• [Supplied entries]:
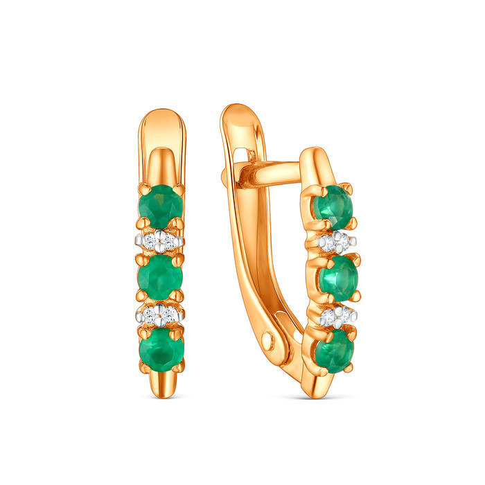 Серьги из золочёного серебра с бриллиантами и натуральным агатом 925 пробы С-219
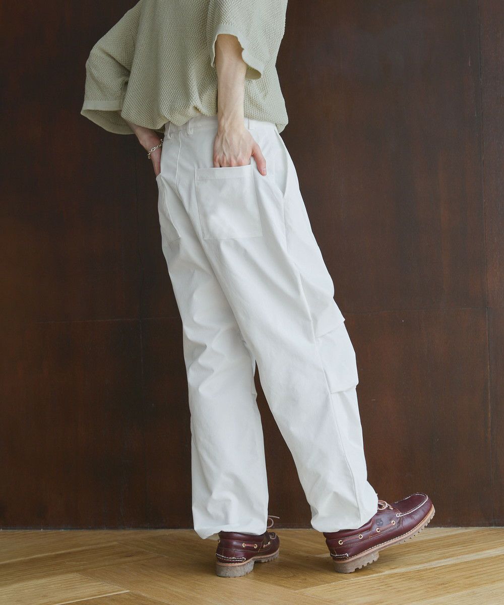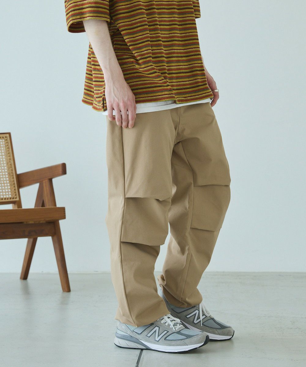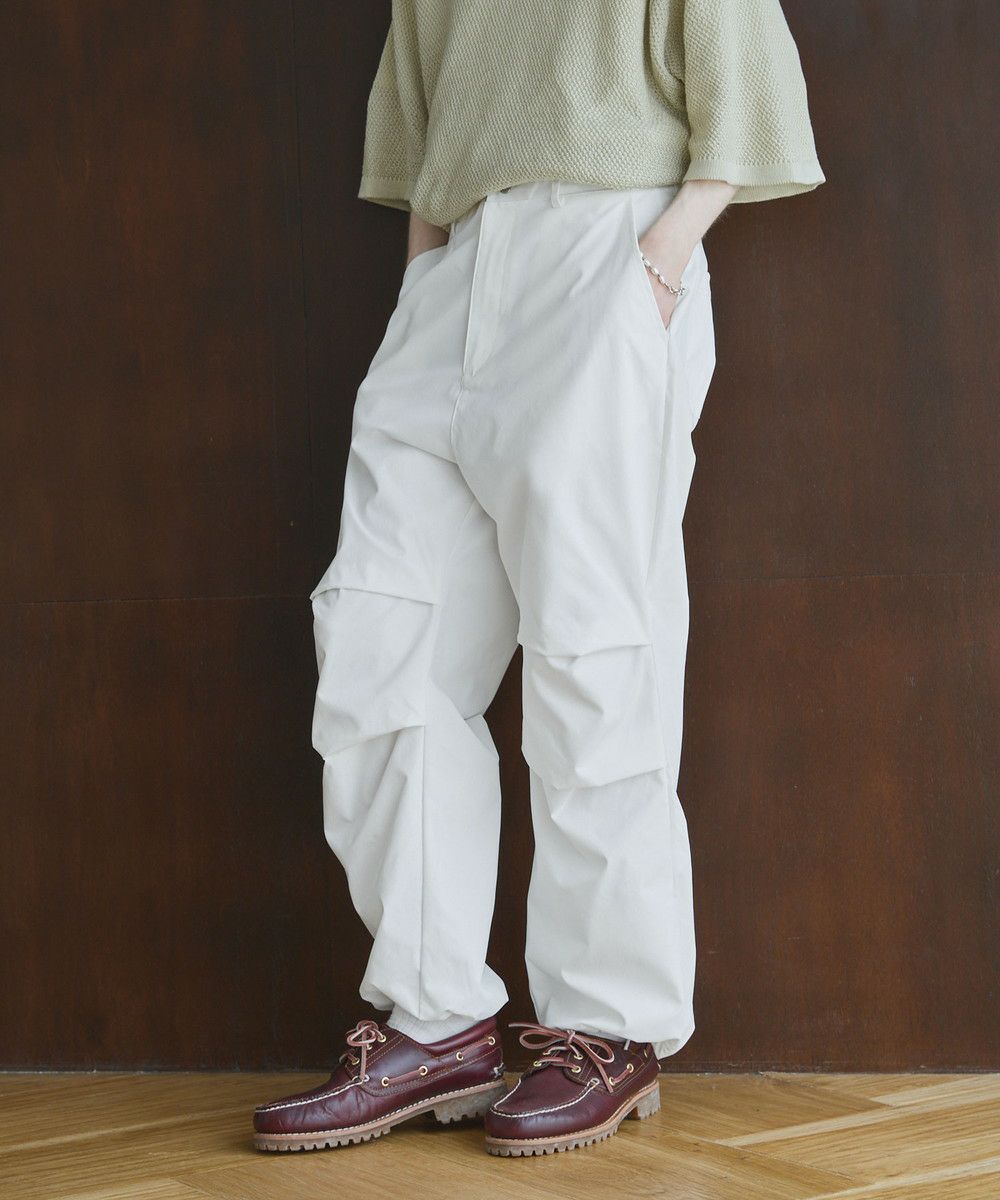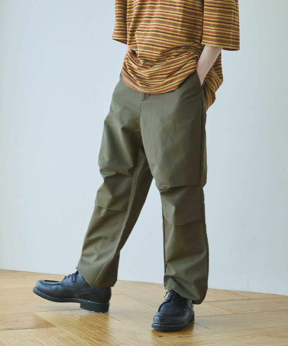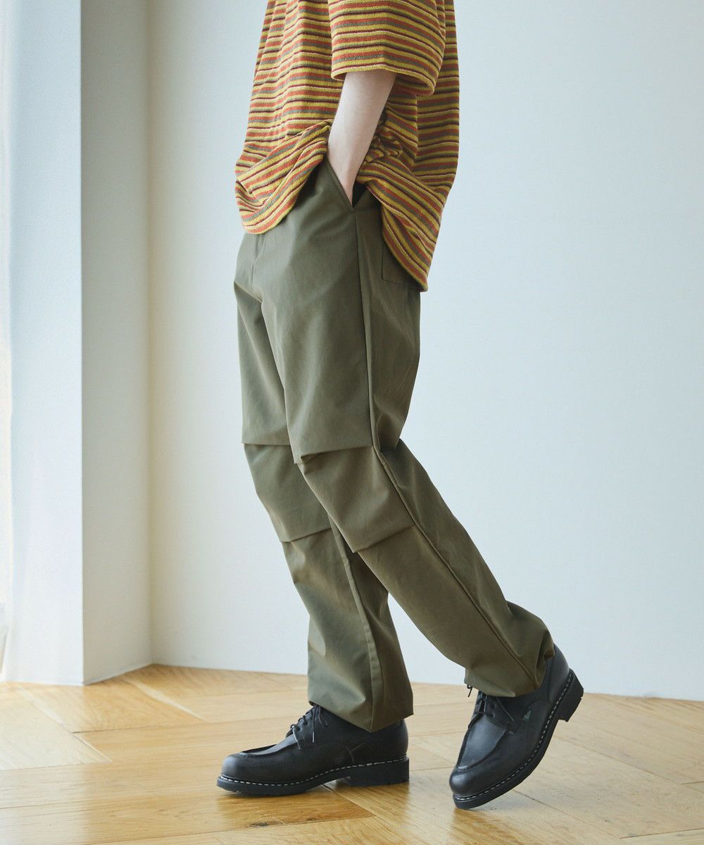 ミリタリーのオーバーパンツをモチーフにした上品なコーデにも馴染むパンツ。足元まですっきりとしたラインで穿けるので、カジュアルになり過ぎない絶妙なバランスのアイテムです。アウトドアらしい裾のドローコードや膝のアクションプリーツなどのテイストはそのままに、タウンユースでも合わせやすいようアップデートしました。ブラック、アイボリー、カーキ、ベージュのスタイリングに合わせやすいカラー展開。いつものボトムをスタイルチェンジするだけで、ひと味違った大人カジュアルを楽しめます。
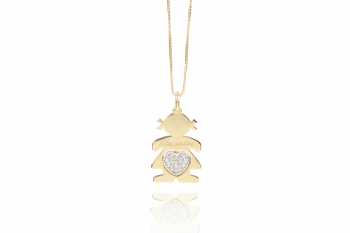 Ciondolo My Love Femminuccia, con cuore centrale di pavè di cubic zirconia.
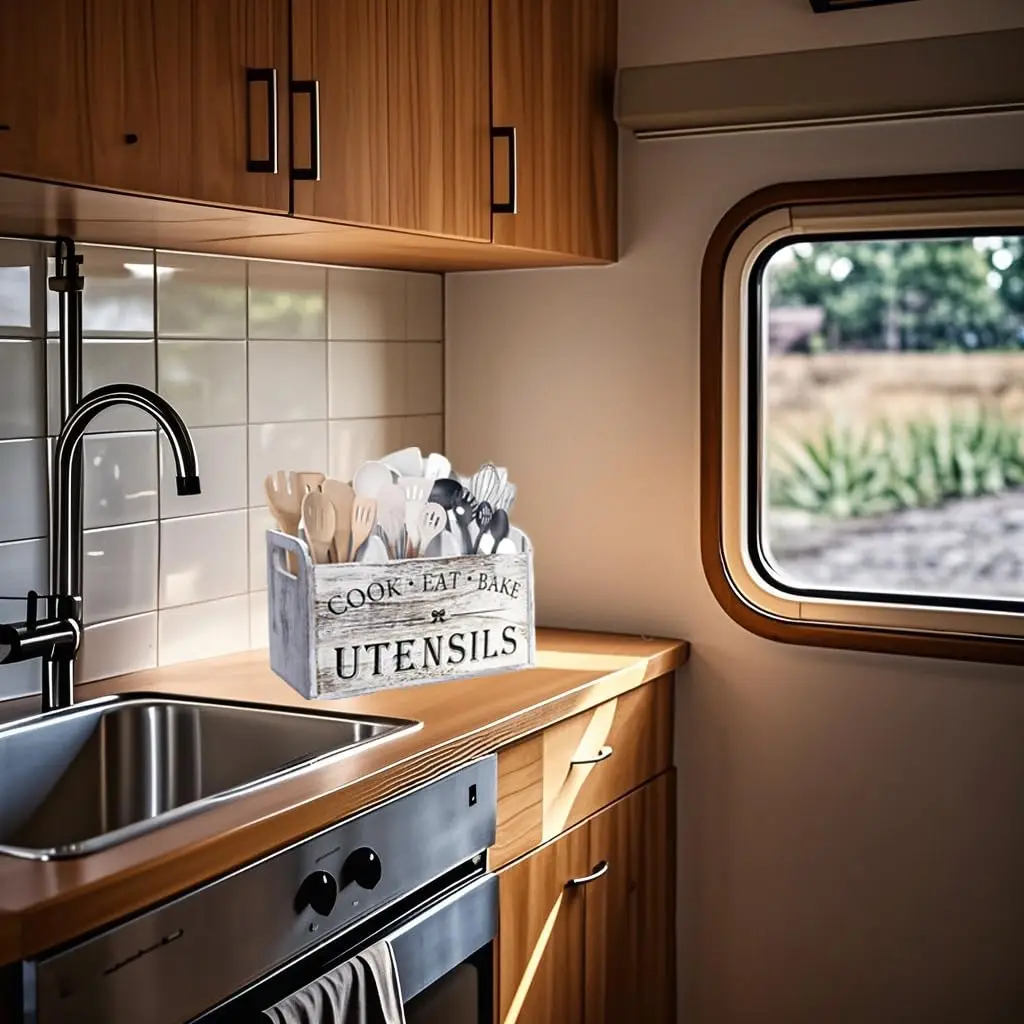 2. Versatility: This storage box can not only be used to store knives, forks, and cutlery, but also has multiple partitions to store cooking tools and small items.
==
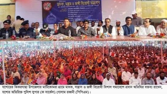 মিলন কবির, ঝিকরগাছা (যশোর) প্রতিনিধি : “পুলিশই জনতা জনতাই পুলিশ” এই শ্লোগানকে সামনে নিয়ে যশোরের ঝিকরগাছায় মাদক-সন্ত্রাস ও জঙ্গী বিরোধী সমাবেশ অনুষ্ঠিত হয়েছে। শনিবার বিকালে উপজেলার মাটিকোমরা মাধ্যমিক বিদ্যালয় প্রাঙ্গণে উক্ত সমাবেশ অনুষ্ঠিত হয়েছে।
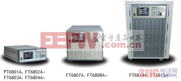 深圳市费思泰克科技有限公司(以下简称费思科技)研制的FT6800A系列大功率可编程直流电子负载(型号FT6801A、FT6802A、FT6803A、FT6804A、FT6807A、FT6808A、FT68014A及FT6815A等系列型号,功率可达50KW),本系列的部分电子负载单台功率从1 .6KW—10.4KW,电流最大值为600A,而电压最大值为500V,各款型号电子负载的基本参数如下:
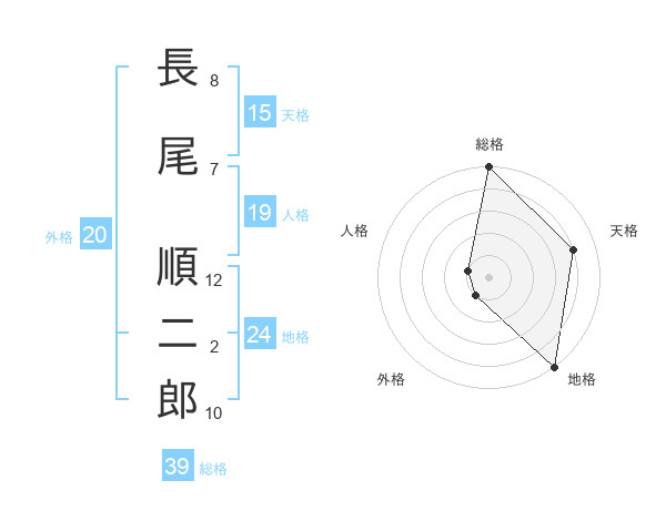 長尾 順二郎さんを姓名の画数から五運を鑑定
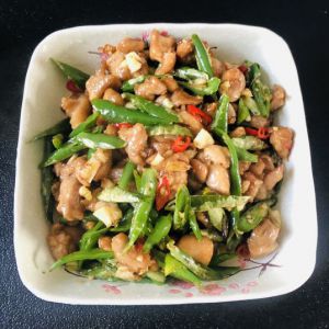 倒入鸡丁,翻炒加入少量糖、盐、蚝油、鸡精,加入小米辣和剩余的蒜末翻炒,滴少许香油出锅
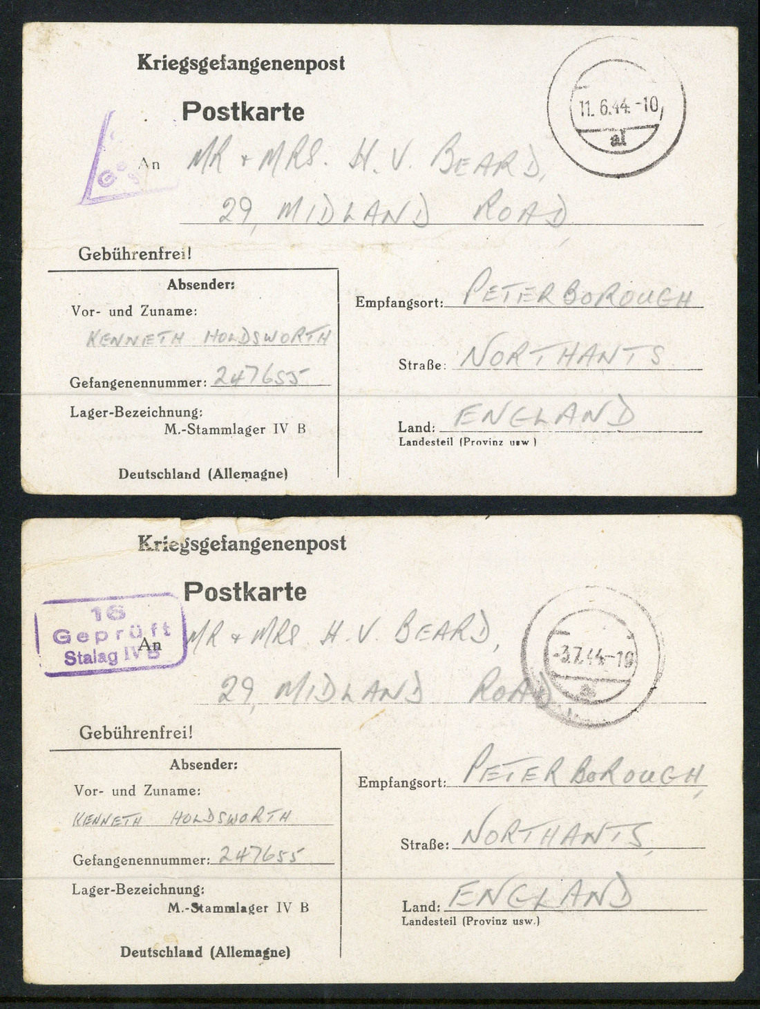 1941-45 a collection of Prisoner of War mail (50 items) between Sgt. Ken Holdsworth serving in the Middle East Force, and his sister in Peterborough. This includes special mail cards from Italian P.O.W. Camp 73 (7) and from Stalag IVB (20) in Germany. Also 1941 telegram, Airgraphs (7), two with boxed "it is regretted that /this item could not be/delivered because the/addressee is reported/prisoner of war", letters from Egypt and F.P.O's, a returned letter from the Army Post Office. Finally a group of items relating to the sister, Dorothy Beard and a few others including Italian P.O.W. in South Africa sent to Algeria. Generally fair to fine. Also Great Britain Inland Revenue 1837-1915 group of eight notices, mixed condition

• [Required action]: Nothing but the lines from the one with "ミリタリーのオーバーパンツを" to the one with "2. Versatility: This" above, both included, should be transcribed, exactly and without pictures.

• [Output for this task]:
 ミリタリーのオーバーパンツをモチーフにした上品なコーデにも馴染むパンツ。足元まですっきりとしたラインで穿けるので、カジュアルになり過ぎない絶妙なバランスのアイテムです。アウトドアらしい裾のドローコードや膝のアクションプリーツなどのテイストはそのままに、タウンユースでも合わせやすいようアップデートしました。ブラック、アイボリー、カーキ、ベージュのスタイリングに合わせやすいカラー展開。いつものボトムをスタイルチェンジするだけで、ひと味違った大人カジュアルを楽しめます。
 Ciondolo My Love Femminuccia, con cuore centrale di pavè di cubic zirconia.
 2. Versatility: This storage box can not only be used to store knives, forks, and cutlery, but also has multiple partitions to store cooking tools and small items.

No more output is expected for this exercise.